◆ **PROBLEM STATEMENT**:
Starting with the line that holds "最后手机上面就会变成下图页面", repeat each line through the last one below, exactly. Pictures stay out.

◆ **DATA EXTRACT**:
==============================

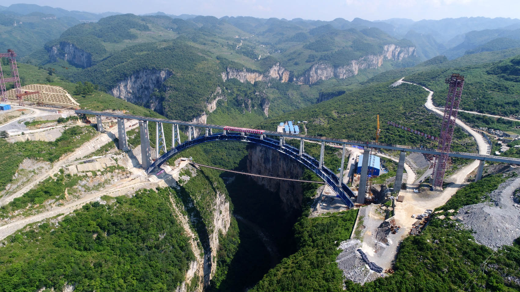 8月2日,中(zhong)國鐵建(jian)所屬中(zhong)鐵十八局集團(tuan)承建(jian)的(de)成貴鐵路西溪河大橋(qiao)主體建(jian)成。這座跨越(yue)260多米深(shen)谷(gu)、全(quan)長(chang)近500米、重(zhong)量超(chao)過2600噸的(de)“巨無(wu)霸”,是(shi)中(zhong)國高鐵首座鋼管混凝土轉體拱橋(qiao),其世界級技術難度和(he)風險(xian),在我(wo)國高鐵建(jian)橋(qiao)史上絕無(wu)僅有。
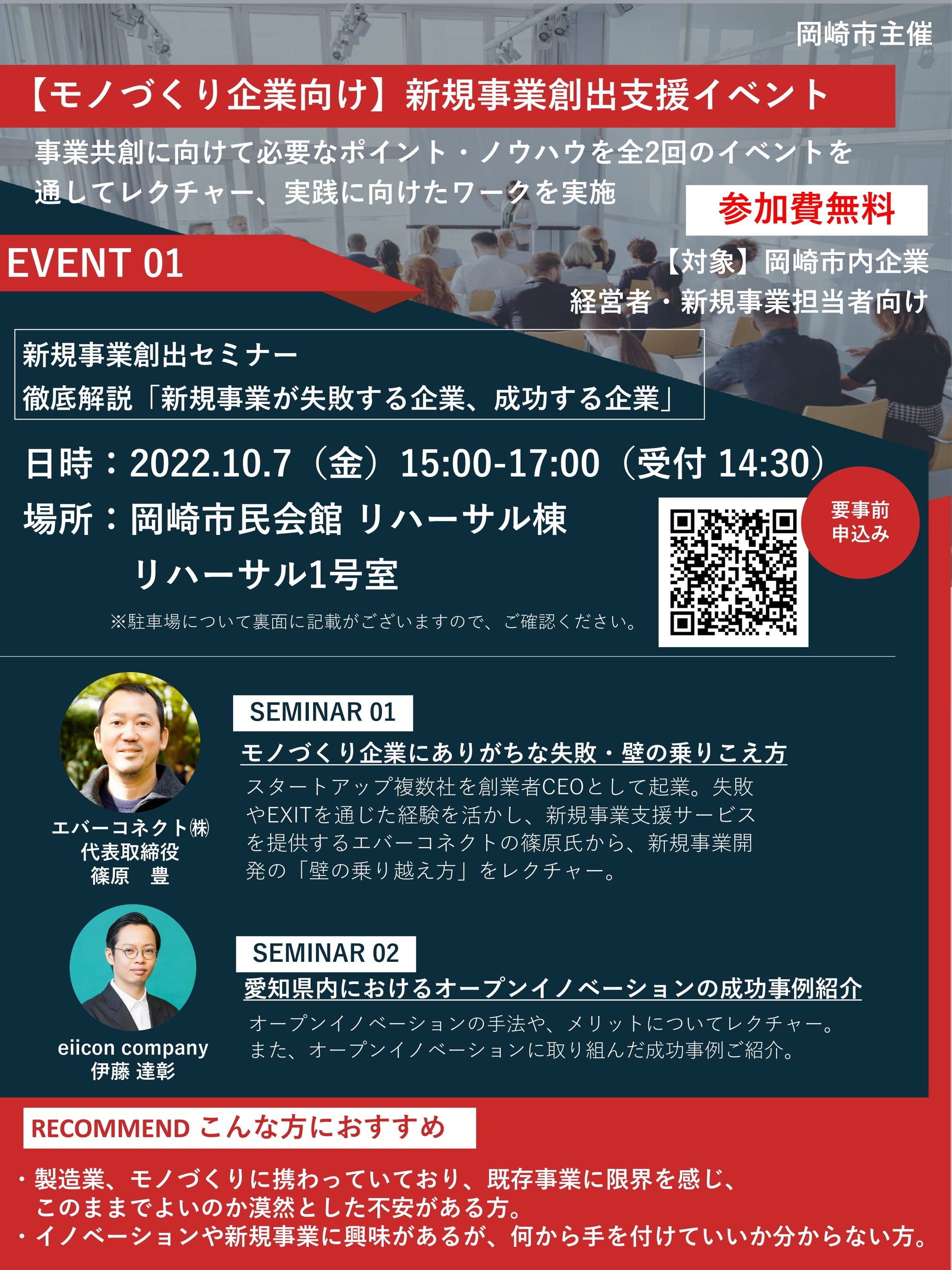 | 新規事業創出セミナー 徹底解説「新規事業が失敗する企業、成功する企業」 セミナー1:モノづくり企業にありがちな失敗・壁の乗りこえ方 セミナー2:愛知県内におけるオープンイノベーションの成功事例紹介 日時:2022年10月7日(金) 15:00-17:00(受付 14:30) 会場:岡崎市民会館 リハーサル棟 リハーサル1号室 参加対象:岡崎市内企業経営者・新規事業担当者 参加費:無料(先着順) 詳細・申込URL: https://forms.gle/fKhJApbtiBLEAyaf9 主催:岡崎市(運営:eiicon company) |
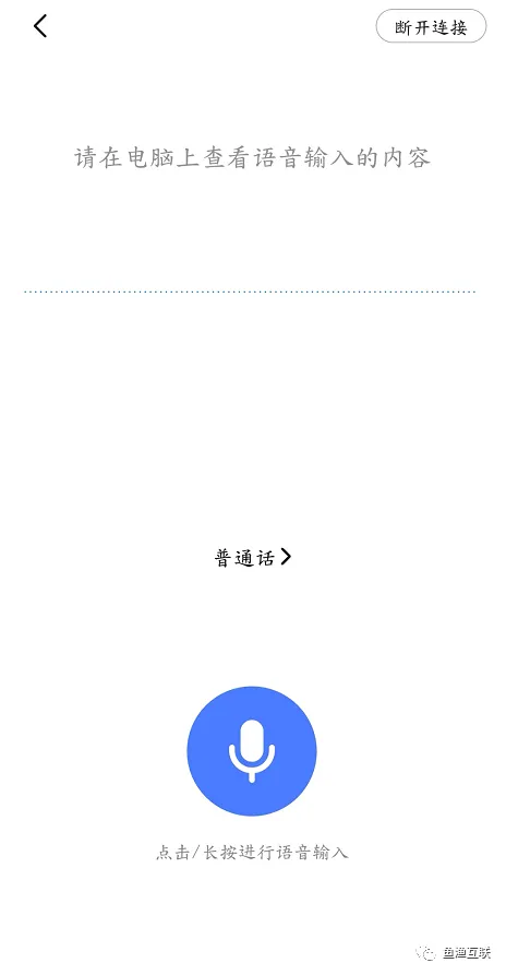 最后手机上面就会变成下图页面,直接安装说话,即可自动在电脑上面输入,真正的你能说多快,打字速度就有多快。
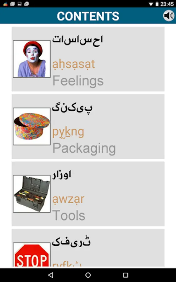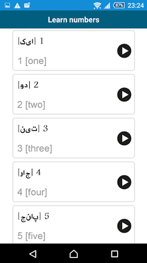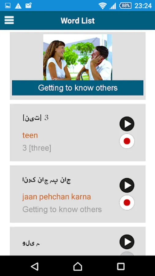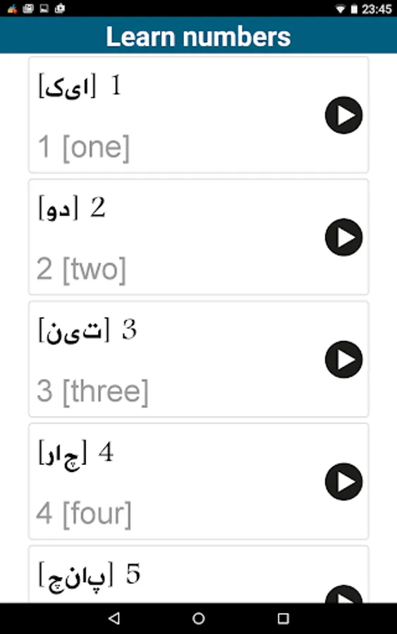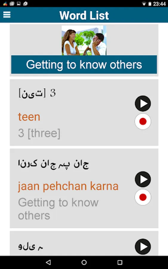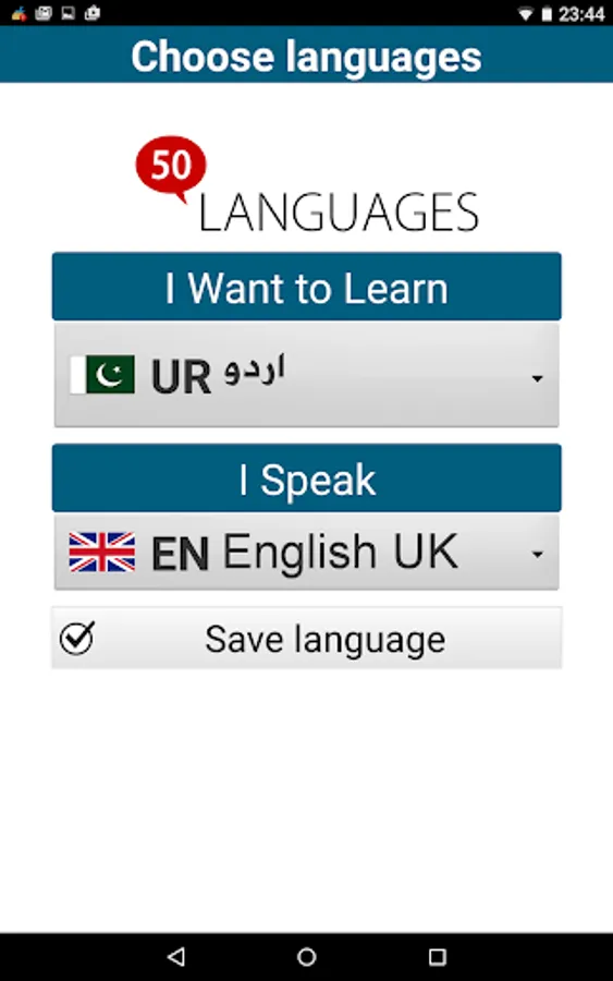 Learn Urdu! - "Learn Urdu 50 languages" (www.50languages.com) contains 100 lessons that provide you with a basic vocabulary. This free app has 30 lessons. With no prior knowledge, you will learn to fluently speak short sentences in real-world situations in no time.

==============================

◆ **TASK OUTPUT**:
 最后手机上面就会变成下图页面,直接安装说话,即可自动在电脑上面输入,真正的你能说多快,打字速度就有多快。
 Learn Urdu! - "Learn Urdu 50 languages" (www.50languages.com) contains 100 lessons that provide you with a basic vocabulary. This free app has 30 lessons. With no prior knowledge, you will learn to fluently speak short sentences in real-world situations in no time.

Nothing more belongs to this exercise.